We sent them help but have heard no satisfactory word. Whether the relief ship reached them, or was crushed in the Melville ice or broke her back on a reef in those uncharted waters, we do not know. When the midnight sun will have burst the barriers of darkness and bitter cold we shall send again.
Germany has extended her blockade zone to 75° north latitude, within 200 miles of our base. The little Danish ship I caught last summer dare not make her annual voyage. But my friends expect her. Some of them will be in South Greenland to meet her. They must not be disappointed again. Wherefore it is assured that the new ship, a staunch Newfoundland sealer, be of the best, and her Captain, Bob Bartlett, of North Pole fame, a man who has yet to fail.
* * *
I reached Copenhagen one hot evening late last August. In the best hotel's best bedroom I interviewed the head waiter.
" Bring me poached eggs and a double meringue" . . . , I needed no list; I had carried my own in my mind for months . . . "and Brussels sprouts, escalloped artichokes, and broiled lobster. One large sirloin steak," . . . . I think I cautioned him……. to have it rare and the fat untrimmed. And finally, "chocolate cake and fruit and a large pitcher of milk."
For more than three years I had tasted none of these. Often in my dreams in my caribou skin bag had I been seated at such a banquet but always the hungry morning came before I was able to seize one morsel of the fragrant viands. Here was the dream come true, the ever present dream of one who sledges in the Arctic: Food.
Yet I did not reflect upon my providential deliverance from ice and cold. I regarded not at all the rosy future of my aspirations. Ideational processes bore all the crudity of creature desire. I simply sat and stuffed; and through it stared at the bed. Thrilled with anticipation I tried to imagine how real clean sheets and gentle bed springs would feel.
Clinging to a bunch of luscious grapes with one hand, with the other I loosened the cords of my Eskimo boots. But on the edge of the bed I lingered between the grapes and the sheets. For one wonderful moment I saw life in its true values: the comfort of enough: the luxury of ease; the beauty of simply living.

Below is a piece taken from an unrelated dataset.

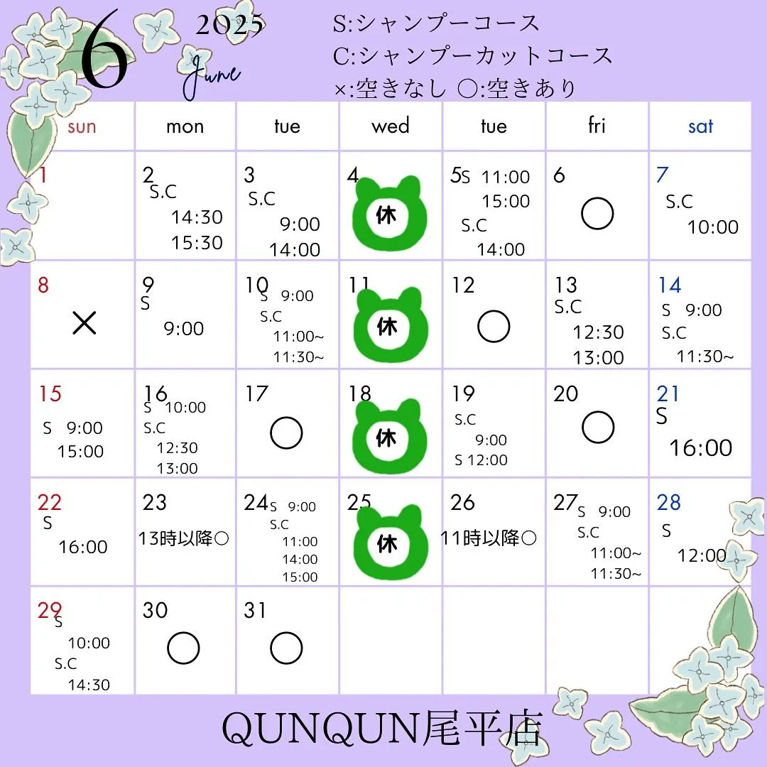 6月空き状況です͛💠✨(6月2日時点)

I slipped out of my primitive skin garments and crawled in. To my dying day shall I remember in all vividness the unspeakable sensuous rapture of that experience. The coolness and exquisite softness of my coverings soothed me. I fell asleep. The past drifted away like mist before cool evening breezes. The rush and the pound of blizzards; the day-long torture of rough and nubbled sea-ice ; the stench of foul igloos; the aching muscles. All were no longer even memories. . . . .
I awoke. . . . Where was I? Ugh! what air; not its closeness or its smell, I was used to them, but its terrible strangeness. . . . . No comforting wail of a lonely dog; only a deathlike stillness broken now and then by a distant but dreadful rattle. No exhilarating slam and snap of the gale; just a creeping breath which stirred my curtain in a ghostlike way.

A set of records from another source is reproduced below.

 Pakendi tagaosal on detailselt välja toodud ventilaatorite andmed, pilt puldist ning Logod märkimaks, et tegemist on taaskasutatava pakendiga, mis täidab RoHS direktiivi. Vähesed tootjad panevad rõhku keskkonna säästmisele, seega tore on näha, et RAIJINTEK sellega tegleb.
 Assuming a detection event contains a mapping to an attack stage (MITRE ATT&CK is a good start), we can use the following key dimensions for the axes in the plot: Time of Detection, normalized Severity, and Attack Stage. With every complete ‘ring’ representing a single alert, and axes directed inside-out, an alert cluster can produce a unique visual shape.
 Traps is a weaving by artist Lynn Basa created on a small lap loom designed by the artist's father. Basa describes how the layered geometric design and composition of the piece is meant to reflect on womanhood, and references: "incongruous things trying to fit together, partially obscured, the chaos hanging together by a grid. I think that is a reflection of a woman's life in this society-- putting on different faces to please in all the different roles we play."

I fought off my uneasiness but failed. I got up and looked out through the window. Then I knew the truth. Gray dawn lit the rectangle of sky above and the long narrow coffin-like street below. But my view stopped short at the opposite wall. . . . . No wide spaces to a crimson horizon. No red towering cliffs backed up to the clean ice shimmering misty white against the blue sky. No crashing, lumbering ice-pack sweeping like a live thing into the fire in the south. No sleeping dogs half buried in the snow and wanting but a word to leap into life. Not even a circling raven. . . . . Only the loathsome filth of burrowing, building man and the faint twitching of his sleeping vanity.
An indescribable loneliness seized me. Already man was awakening; soon he would fill the streets. I should know him, speak to him of the beauty of the Great White North and of my longing for it. Yet never, never would he understand.
* * *
Many wonder why we go into the Arctic. I think it must be the adventure. As a boy I lived in an atmosphere of adventure. The little western town where I was born knew fewer Indians in its bloodiest days than I saw forty years later when written romance flooded my imagination like wine. Now, with my memories of bear and ice-pack, stand unashamed crisp winter nights on that white ribbon the River Platte hangs in January across the prairies. I hear again the soft crunch of moccasins in the snow and a boy's clean whistle across the clearing where one faint light marked the shack we had built.
Followed long years of a boy's school drudgery. But always like jewels in a tarnished ring glisten those bright days in the wild wide country where Indians and Eskimos could be had for the wishing and dogs were human companions.
I entered the navy like most of us, thrilled by the glamor of it all. But I concealed my specific motive: One great portion of the earth remained about which man could yet surmise. There might I find life past imagination. I knew arctic literature as the theologist knows his bible. I perceived that most arctic explorers had been naval officers: Barrow, Franklin, Kane, Nares, Beaumont, Abruzzi, Shackleton, Scott and Peary, every one of them. Annapolis was the gateway to my desire.
My earlier disappointments are too personal for publication. And on that warm July evening in 1908 when I saw Peary leave Long Island Sound for his last successful expedition I felt that I had lived in vain.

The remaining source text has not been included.